→ DATA FOR PROCESSING
____________
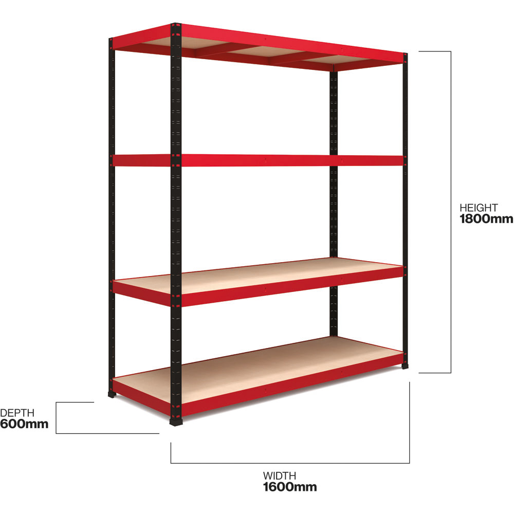 This premium RB Boss FastLok Freestanding Unit can hold up to 300kg per shelf. The unit, with red and black powder-coated steel construction and robust medium-density fibreboard, is ideal for all your storage needs. It is robust and versatile and can be used effectively in a wide variety of environments, such as sheds, utility rooms, garages and workshops even offices and home environments. To ensure an easy setup process, this RB Boss Shelving Unit is completely boltless, meaning you can have your brand new storage solution setup within minutes and not have to worry about any of the different tools and small parts that usually come with the assembly process of similar units. With four heavy-duty shelving tiers, this RB Boss Shelving Unit offers a large shelf area to provide plenty of storage space. The heavy-duty steel construction of the unit’s frame, in combination with the sturdy medium-density fibreboard, offers a high weight load capacity. The RB Boss range is truly the be-all and end-all of Freestanding Shelving Units. This red and black powder-coated boltless shelving unit has four MDF shelves with a uniformly distributed load of 300kg per shelf. Important: If using in a damp environment, it is advised to protect the boards with a moisture-resistant sealant, varnish or paint. Please note that images are for illustration purposes only, and scale may not represent the dimensions of the actual model. Please refer to the product dimensions before ordering.
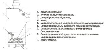 -частичное перекрытие газового клапана в случае уменьшения расхода воды и погасание основной горелки при прекращении протока воды через аппарат;
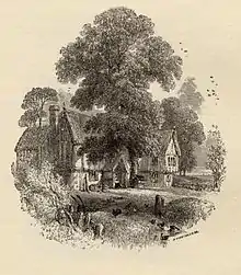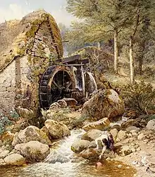 Although he had painted great numbers of landscape scenes from Scotland to the Mediterranean, it was after moving to Witley that Birket Foster produced the works for which he is best known—a sentimentalised view of the contemporary English countryside, particularly in the west Surrey area. Although criticised for their idealised view of rural life, they were recognised for their detail and execution. Birket Foster's work (along with that of other artists) was used by Cadburys, the chocolate manufacturer, on the cover of their chocolate boxes from the 1860s onwards.[5] Printed in 1861, The Carewes: a tale of the Civil Wars was the swashbuckling royalist family history of a gentry on the edge of Windsor Forest, illustrated with fine images and a dashing flourish; it was much appreciated in America. "the dainty water-colour drawings executed...appeal to the majority of the British public more than the works of any other." So wrote H.M. Cundall in 1906 in the preface to a first biography.[6]
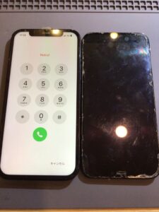 今回ご依頼いただいたのは、水没後に画面が緑色になってしまったiPhone12です。
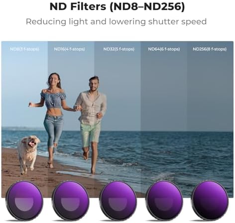 - [Total Control Over Light & Motion]: 5 ND Filters (ND8 to ND256) – Reduce light intake for perfect exposure even in bright settings. Ideal for creating motion blur, silky water effects, and clean slow-shutter shots.
____________
→ WHAT NEEDS TO BE DONE
From the records above, return exactly the lines running from the one that contains "-частичное перекрытие газового" down to the one that contains "今回ご依頼いただいたのは、水", both included, without any pictures.

→ EXERCISE RESULT
 -частичное перекрытие газового клапана в случае уменьшения расхода воды и погасание основной горелки при прекращении протока воды через аппарат;
 Although he had painted great numbers of landscape scenes from Scotland to the Mediterranean, it was after moving to Witley that Birket Foster produced the works for which he is best known—a sentimentalised view of the contemporary English countryside, particularly in the west Surrey area. Although criticised for their idealised view of rural life, they were recognised for their detail and execution. Birket Foster's work (along with that of other artists) was used by Cadburys, the chocolate manufacturer, on the cover of their chocolate boxes from the 1860s onwards.[5] Printed in 1861, The Carewes: a tale of the Civil Wars was the swashbuckling royalist family history of a gentry on the edge of Windsor Forest, illustrated with fine images and a dashing flourish; it was much appreciated in America. "the dainty water-colour drawings executed...appeal to the majority of the British public more than the works of any other." So wrote H.M. Cundall in 1906 in the preface to a first biography.[6]
 今回ご依頼いただいたのは、水没後に画面が緑色になってしまったiPhone12です。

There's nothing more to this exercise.